Like a library book checked out decades ago, Jerry Tarkanian’s induction into the Naismith Memorial Basketball Hall of Fame was way overdue. As reported by the Review-Journal’s Steve Carp, the renowned basketball coach — who took the men’s program at the University of Nevada, Las Vegas to incredible heights over a 19-year stretch — was finally, rightly honored Sunday in Springfield, Mass.

Over the past three decades, there have been many great college basketball coaches who have had long, successful careers with various programs: Mike Krzyzewski at Duke, Dean Smith at North Carolina, Jim Boeheim at Syracuse, Roy Williams at both North Carolina and Kansas, Rick Pitino at Kentucky and Louisville, Lute Olson at Arizona, the irascible Bobby Knight at Indiana.

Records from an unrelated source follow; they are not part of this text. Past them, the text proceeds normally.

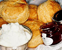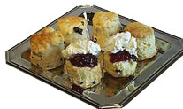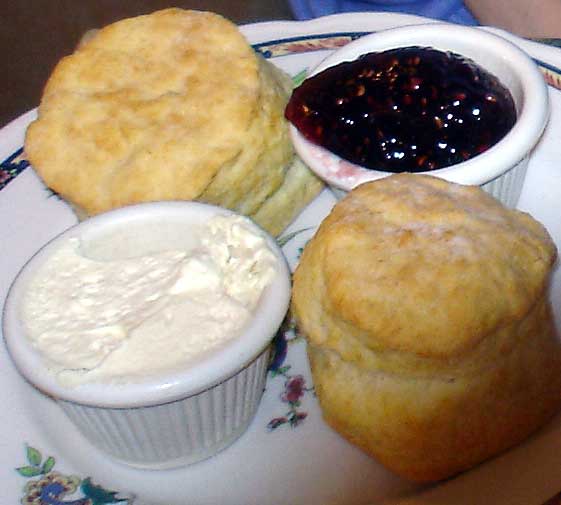 Les fameux scones servis avec de la confiture de framboise et la fameuse crème fouettée appelée CLOTTED CREAM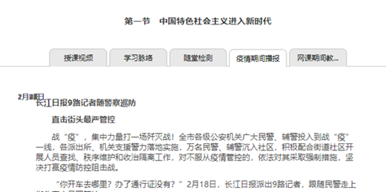 本课程按照教育部及学校关于思政课线上教学的建议与部署,鉴于网络稳定性的问题,舍弃了直播了方式,而是采用了资源+平台的线上教学模式。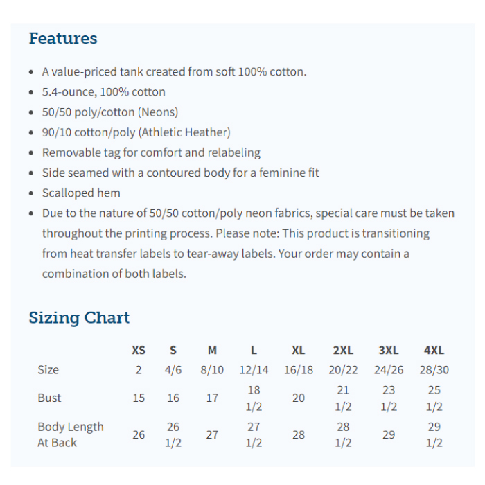 Enjoy this soft Port & Company Ladies Core Cotton Tank Top. Full coverage front & back. Color: Neon..

But there have been precious few coaches in any era who have rethought the game and influenced it as much as Mr. Tarkanian.

He racked up 990 victories as a junior college and Division I coach, including 509 in 19 years overseeing the Rebels — an average of nearly 27 wins per season at UNLV. He took the Rebels to a boatload of NCAA Tournament appearances, including four Final Fours and his crowning achievement, the national title in 1990. And he did all that with a run-and-gun style predicated on suffocating defense that created ridiculously entertaining amounts of offense.

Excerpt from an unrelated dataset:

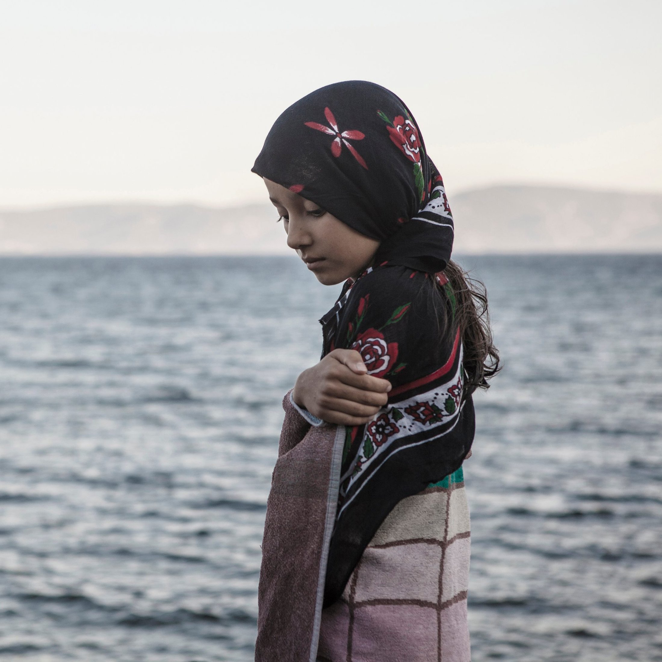 The series On The Shore seeks precisely this personal encounter with those who have suffered the terrible experience of war. The portraits were made close to the village of Eftalou, on the northern coast of Lesvos, last August/September 2015. The migrants had only just landed when I made the photos. They were still wet and disconcerted on the shore after the two-hour trip taken on an inflatable boat, crossing the 10 km that separate the Turkish and Greek coasts.

Any college program that employs up-tempo play today owes a huge debt to Mr. Tarkanian.

His run at UNLV is still quite a legacy for this community, two decades after it ended. People who have been here a long time still take great pride in the Runnin’ Rebels. Now that pride can grow, thanks to the Hall of Fame voters. Mr. Tarkanian’s enshrinement was delayed by his myriad run-ins with the NCAA, the aspersions cast on which players he recruited and how he might have recruited them, and the messy way it all ended at UNLV after the publication in this newspaper of the infamous hot tub photo, in which three UNLV players were pictured with Richard Perry, who years earlier had been convicted in a point-shaving scandal.

Mr. Tarkanian ultimately was vindicated, with the NCAA settling the long-running feud by paying him $2.5 million in damages in 1998.

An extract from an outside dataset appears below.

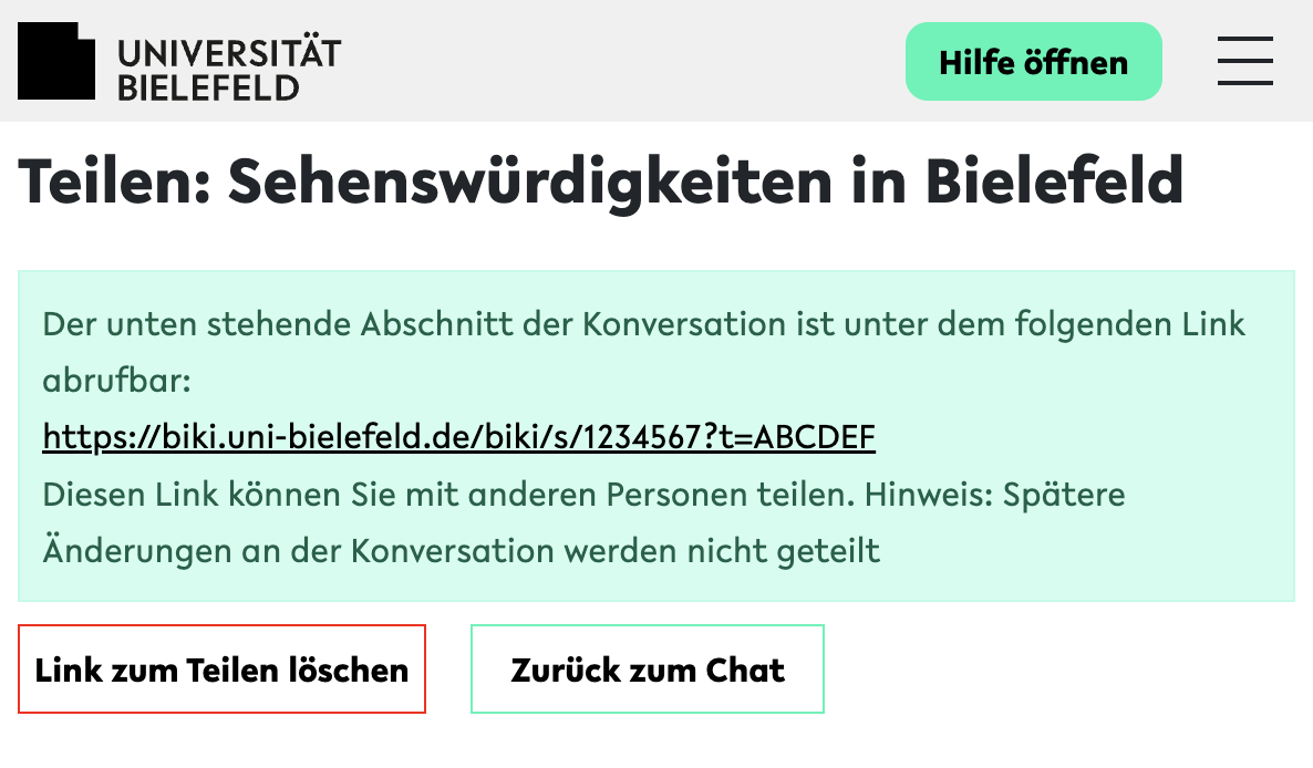 Sie gelangen dann in die Seite, in der Sie das Teilen bestätigen und nachdem Sie dies getan haben wird der Zugriffslink verfügbar, über den andere BIKI Nutzer*innen auf Ihre Konversation zugreifen können:

In a better-late-than-never move, voters looked past issues real and perceived and allowed Mr. Tarkanian — now 83 years old and struggling with his health — to have this well-deserved moment with his whole family and his former players. No less a basketball authority than Bill Walton, who helped present Mr. Tarkanian at Sunday’s ceremony, lauded the decision, telling Mr. Carp, “An injustice has been corrected. When you think about Jerry Tarkanian the man, what he did for people, never looking at color, willing to give young men a second chance in life, that means more to society than anything he did in basketball, which is quite immense.”

Immense indeed. Long overdue, Mr. Tarkanian has gotten his due. Congratulations to him and his family.